Воспоминания опять нахлынули на него, и он, увлекаясь, заговорил все тем же, необычно чистым для него, почти свободным от привычных словечек языком.
Валя придвинулась ближе и, заглядывая ему в лицо, подперла голову ладонями.
— И вот тут я, Викторовна, прямо-таки с ума сошел. Драться начал. Как увижу кого с разлюбезной моей, так драться. Ну, раз побил, другой раз побил, а потом меня волтузить начали. Ободранный хожу, побитый, в синяках, а дома еще отец подбавляет. Как чуть что не по его, так сейчас ремнем и смажет, а то и просто затрещину влепит: «Не порти чужую жизнь, не лезь, куда не просят». И смех и грех. Ведь здоровый парень был, а отцу поначалу не перечил. Молчал. А потом до того дошел, что и на него с кулаками полез. А он мужчина крепкий, не мне чета. Это я в детстве глотошной болел, думали, не выживу, и потому по сравнению с отцом или с братьями вроде недоросточком вышел. Так вот и про это забыл. Полез с отцом в драку. Почитай часа два с ним, как два сохатых, толклись. Морды в крови, тело ноет, дышим так, что, наверно, на перевале слышно, а не покоряемся. Старших братьев не было, так мать вокруг нас бегает, то плачет, то озлится и кого попало — то меня, то отца — палкой, которой всякую рухлядь перед зимней закладкой выбивали, дубасит. Бьет, бьет, устанет и давай в голос реветь.

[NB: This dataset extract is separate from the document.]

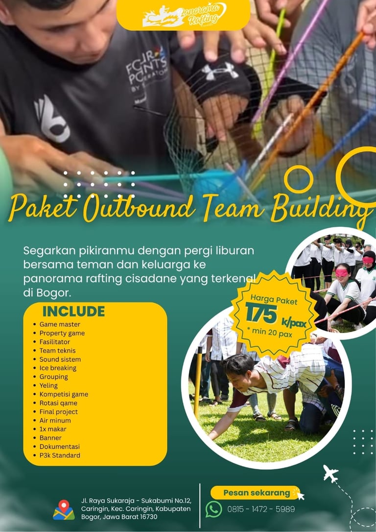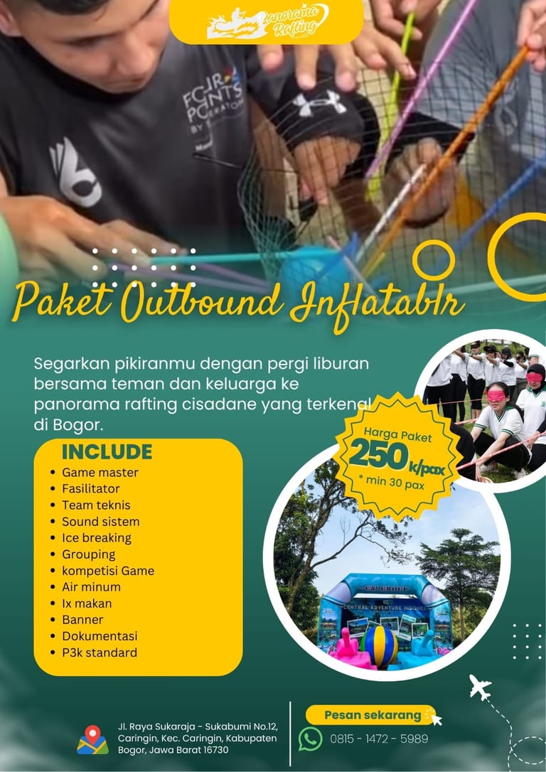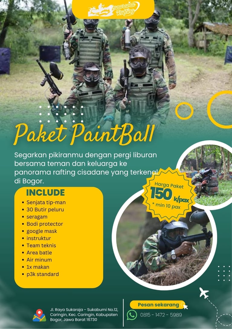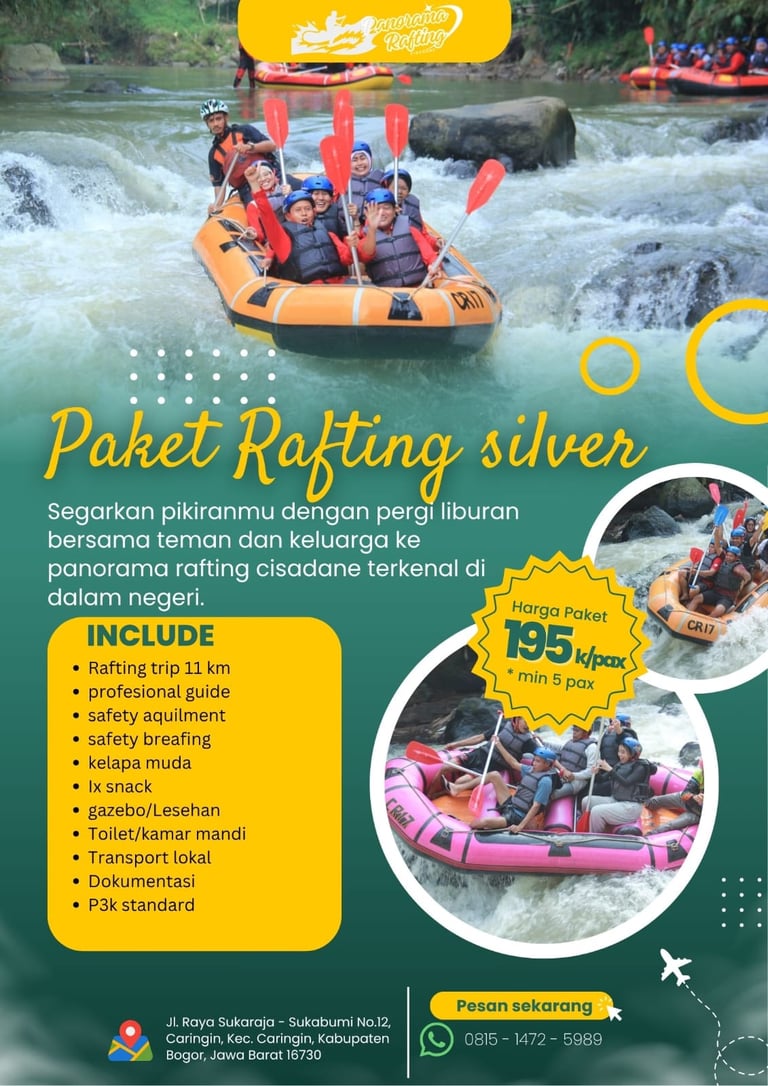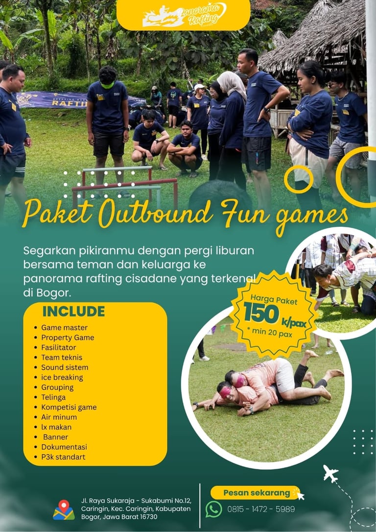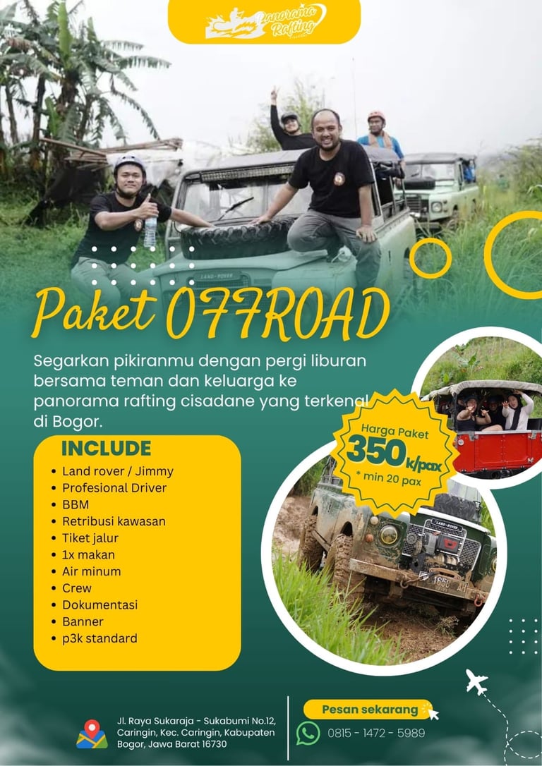 Kami Panorama rafting cisadane siap melayani anda dengan menawarkan berbagai macam paket wisata : Rafting arum jeram, Fun offroad, Fun games, Paintball war, Outbound, Flyfox, Atv race. yang kami kemas secara apik dan profesional agar bisa dirasakan oleh berbagai kalangan mulai dari Instansi, Lembaga & Keluarga, dengan harga terjangkau serta fasilitas terbaik menjamin kegiatan anda akan terasa seru dan tak terlupakan.​

Соседи, правда, поглядывали, но решали так: двое дерутся — третий не мешайся. Не убьют, дескать, друг друга, а раз так, что ж… дело семейное. Додрались мы, Викторовна, до того, что оба на ногах стоять не можем.

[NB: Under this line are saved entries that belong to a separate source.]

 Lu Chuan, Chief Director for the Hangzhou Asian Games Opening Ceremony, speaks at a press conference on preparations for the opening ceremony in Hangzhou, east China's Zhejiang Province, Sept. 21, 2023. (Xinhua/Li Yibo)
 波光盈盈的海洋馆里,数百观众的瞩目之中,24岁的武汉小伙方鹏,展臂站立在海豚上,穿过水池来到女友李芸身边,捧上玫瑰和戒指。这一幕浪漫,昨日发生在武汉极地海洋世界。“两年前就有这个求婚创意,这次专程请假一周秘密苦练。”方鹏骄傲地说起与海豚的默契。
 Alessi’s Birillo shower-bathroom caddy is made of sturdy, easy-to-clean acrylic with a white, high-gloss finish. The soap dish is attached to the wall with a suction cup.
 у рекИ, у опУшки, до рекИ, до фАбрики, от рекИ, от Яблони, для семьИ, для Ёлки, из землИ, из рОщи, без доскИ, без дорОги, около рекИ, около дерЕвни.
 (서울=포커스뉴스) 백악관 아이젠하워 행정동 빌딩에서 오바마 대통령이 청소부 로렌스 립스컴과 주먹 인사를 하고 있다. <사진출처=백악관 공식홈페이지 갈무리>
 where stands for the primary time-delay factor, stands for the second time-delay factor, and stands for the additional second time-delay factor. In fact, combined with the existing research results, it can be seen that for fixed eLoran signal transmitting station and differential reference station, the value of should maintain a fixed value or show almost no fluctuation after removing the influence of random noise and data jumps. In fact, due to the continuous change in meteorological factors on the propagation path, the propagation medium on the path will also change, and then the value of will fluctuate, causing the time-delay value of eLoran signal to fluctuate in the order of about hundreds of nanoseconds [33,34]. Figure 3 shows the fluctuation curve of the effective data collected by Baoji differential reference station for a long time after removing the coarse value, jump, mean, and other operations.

Растащила нас мать, приголубила палочкой, а мы и отругаться не можем, сипим только, да и все. К вечеру братья сошлись. Было меня не убили, да отец не дал: наше, говорит, дело. Сами разберемся. Ну, мы пока лежали, мать все время пропадала. Потом стала спрыскивать меня святой водой — разжилась где-то. Выскребся я после этакой драки на улицу, а на меня все пальцем показывают и смеются. Как же меня только не называли: и прибитком, и порышом, и семискульным — это у меня на морде столько шишек повспухало, — и еще пообидней. Может, потому, что много уж слишком прозвищ понадавали, ни одно так и не привязалось. Да…
Затылок у меня после драки вроде прошел, волосы поулеглись, но расчесываться, однако, больно было, так кудлатым и ходил. А на сердце лег тяжелейший камень и давит. Это правду в песнях поют, что, дескать, камень на сердце. Я сам такой носил. И от того камня стал я как будто порченый. И с лица спал, и умом тронулся. Что ни скажут сделать — забуду. Начну работать — брошу все, уставлюсь в одну точку и стою, как баран. Отец махнул на меня рукой, кряхтит, а и за меня и за себя воротит. И вижу я это, а сам думаю: «Ну и пусть, пусть. Раз я никому не нужный…»
Валя вздохнула и закрыла лицо руками. Осадчий не видел этого. Он смотрел в чащу леса, где медленно кружили нечеткие, смазанные тени от деревьев, — над близкой передовой стали взлетать осветительные ракеты. Движение этих теней, бесшумное, призрачное, чуть освеженный вечерним холодком, но все еще застойно-пьяный воздух, неумолчный, натруженный гул самолетных моторов, который как бы заглушал истеричные автоматные трели, — все входило в души и делало их чуткими.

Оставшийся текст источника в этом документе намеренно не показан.